こちらの記事はAWS Lambda 実践入門 Advent Calendar 2025 9日目の記事になります。
はじめに
Layer が増えるほど「どの Layer が何を提供しているか」が分からなくなる問題が必ず発生します。
- 似た Layer が乱立する(logging / utils / common など)
- どの関数がどの Layer バージョンを使っているか追えない
- 破壊的変更で“関係ない Lambda”まで巻き込んで壊れる
この記事では、Layer を 3分類 することで設計を整理し、運用コストを下げる方法を紹介します。
まず押さえる:Layer の制約(設計に直結)
Layer は便利ですが、制約を知らずに増やすと詰みます。
- 1つの Lambda 関数に追加できる Layer は 最大 5 つ (AWS ドキュメント)
- 関数本体+全 Layer の合計(展開後サイズ)は 最大 250MB (AWS ドキュメント)
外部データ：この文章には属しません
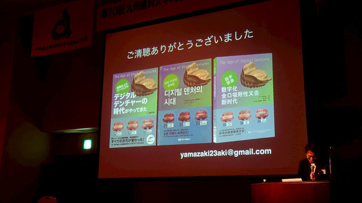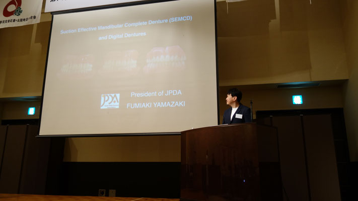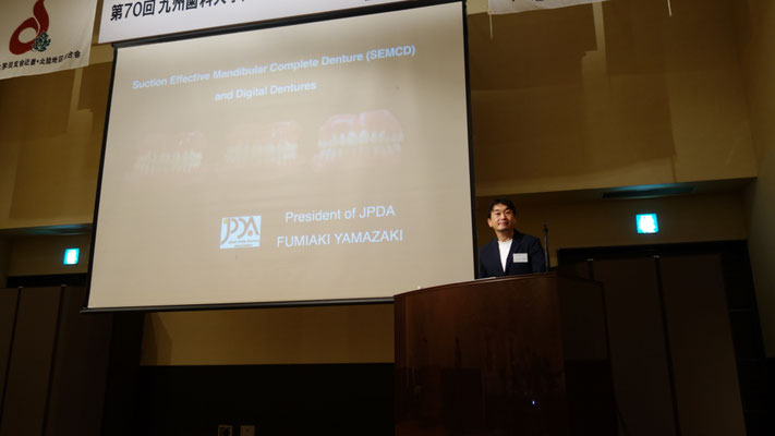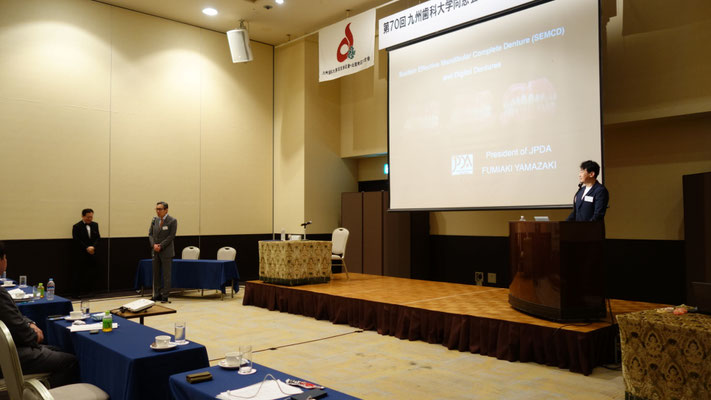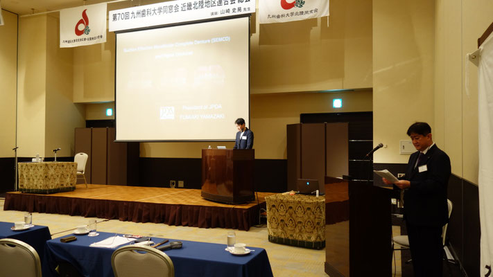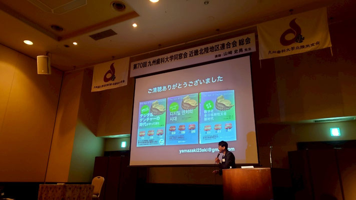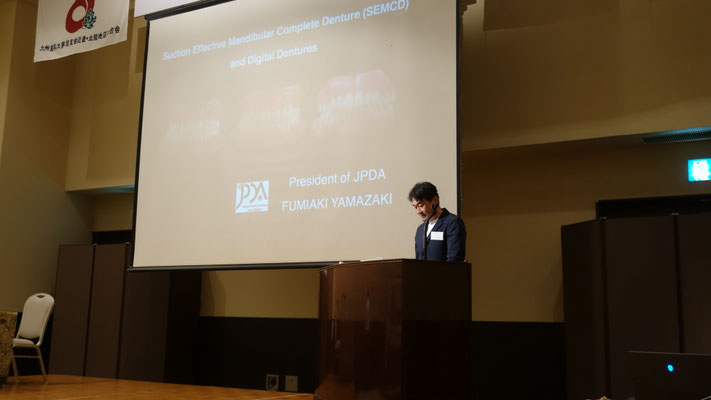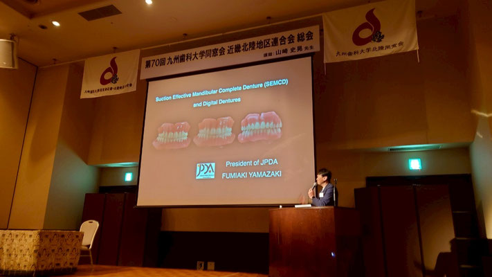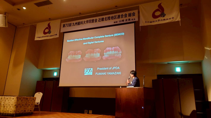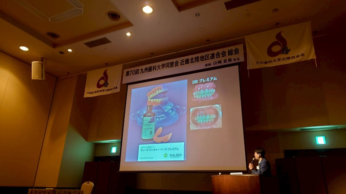 学術講演会では杉典子副会長の開会の辞 長崎三男会長のご挨拶に続いて 富山県ご開業の山崎史晃(大43期)先生がご登壇 日本有床義歯学会の会長を務めておられ 学会やセミナー デンタルダイヤモンドなど雑誌 国内外で講演活動など広くご活躍です「デジタルデンチャーについての現状と課題」と題して 光学印象を含めた3Dプリンターやミリングを用いての有床義歯についてお話を詳しく分かりやすくご講演なさいました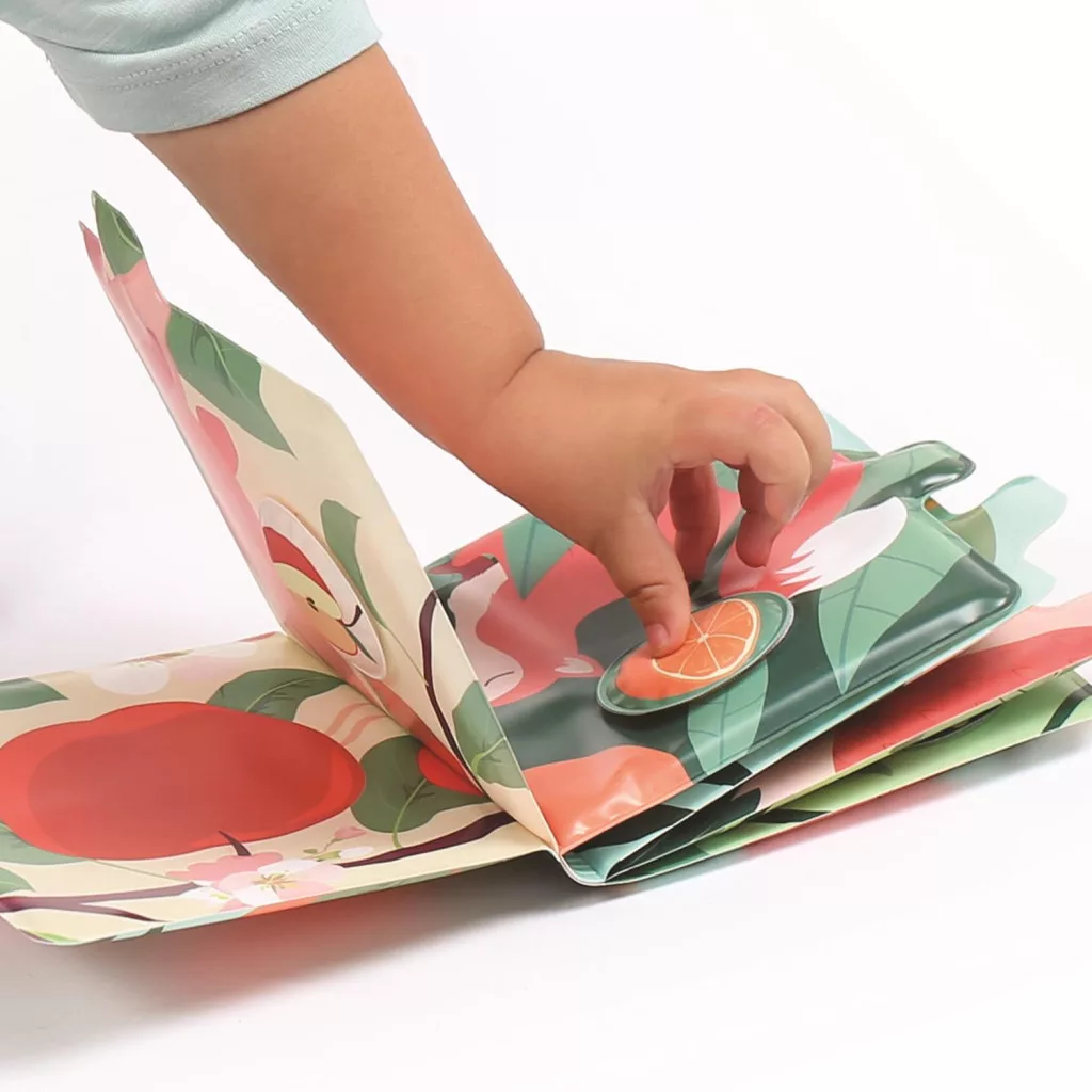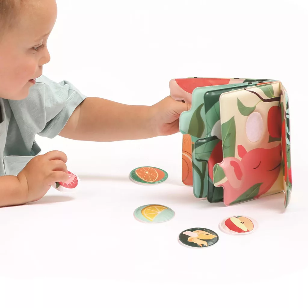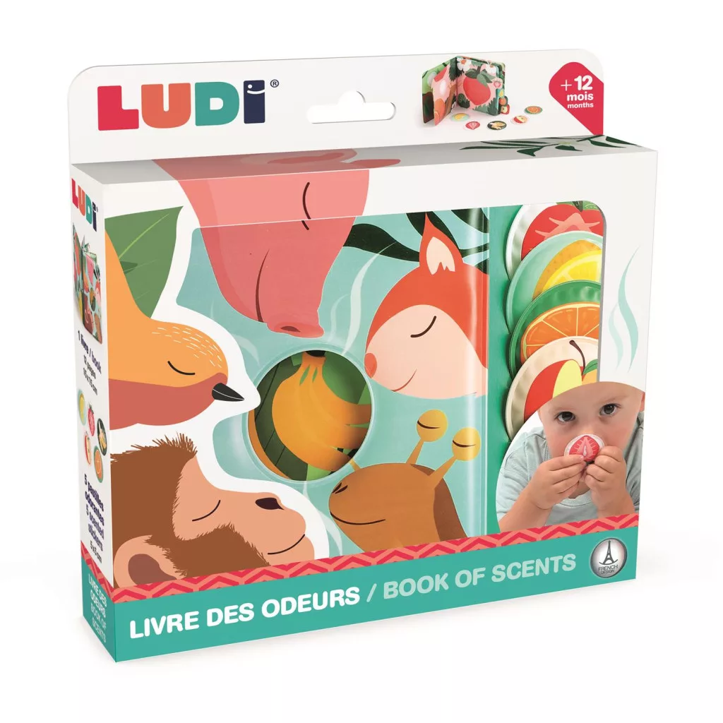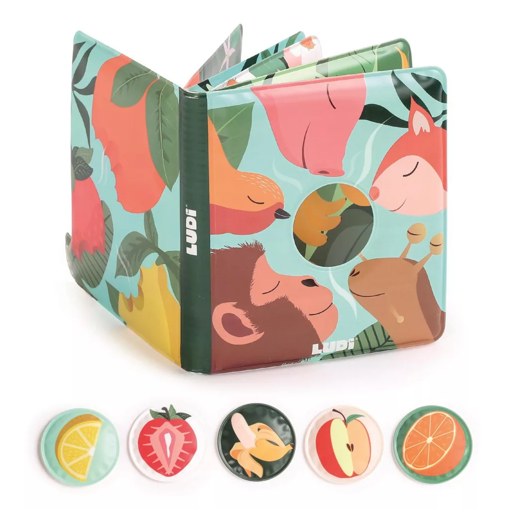Egyedülálló lapozó a LUDI márkától. Gyermekünk a könyv segítségével, megismerheti az állatokat és azok kedvenc gyümölcsét. Nem csak színpompás, de még illatos is. A könyvhöz tartozó kis gyümölcsszeleteket ábrázoló korongok megdörzsölve illatosak. Ezeket a korongokat tépőzár segítségével az adott állathoz tudjuk párosítani.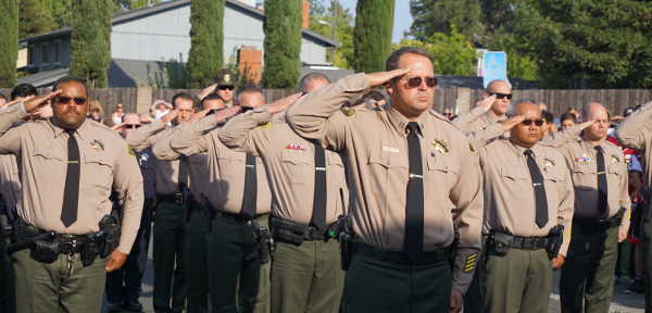 There, dozens of deputy sheriffs and command personnel, as well as members of other agencies including the Lakeport Police Department, stood at attention between two lines of Clear Lake High School football players wearing their red jerseys.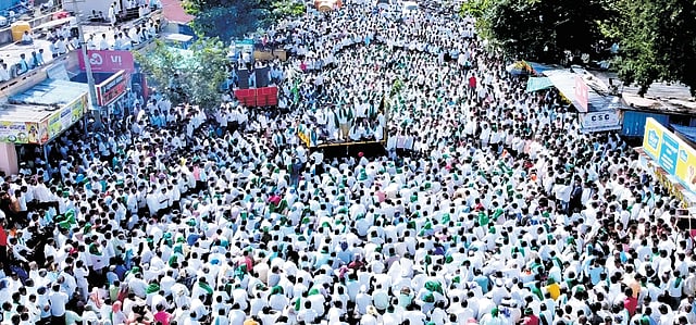 In Hukkeri, farmers’ associations enforced a total bandh demanding a revised minimum price for sugarcane. The town remained completely paralysed as protesters held a massive rally from Adavisiddeshwar Mutt to Court Circle, culminating in a highway blockade and an overnight sit-in protest. Police diverted vehicular movement through alternative routes as farmers erected barricades and parked earth-moving equipment across the roads to block traffic.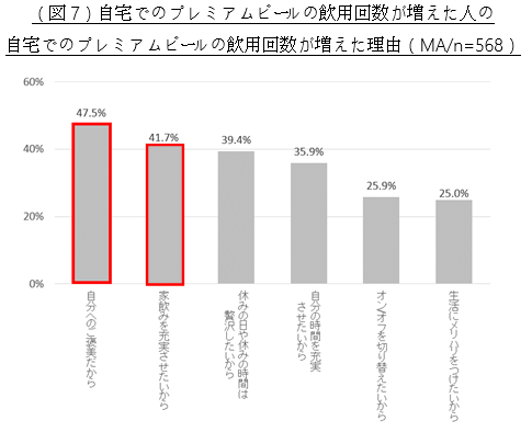 また、自宅でのプレミアムビールの飲用回数が増えた人に、その理由を質問したところ、「自分へのご褒美だから(47.5%)」「家飲みを充実させたいから(41.7%)」が上位になりました(図7)。外でお酒を飲む機会が減っている中、家飲みを充実させるお酒としてプレミアムビールが選ばれているようです。

なので「とりあえず分ける」は危険で、**分け方(設計)**が重要になります。
Layer の3分類
1. ライブラリ Layer(Third-party 専用)
サードパーティライブラリだけを入れる Layer です。
目的は「依存の再利用」と「関数デプロイの軽量化」。
例:
- Pillow
- PyPDF / pypdf
- cryptography など
2. ユーティリティ Layer(共通処理・社内標準の薄いライブラリ)
自分たちが保守する共通処理をまとめる Layer です。
“関数横断の共通化”の本命ですが、破壊的変更の影響範囲が大きいので設計が重要。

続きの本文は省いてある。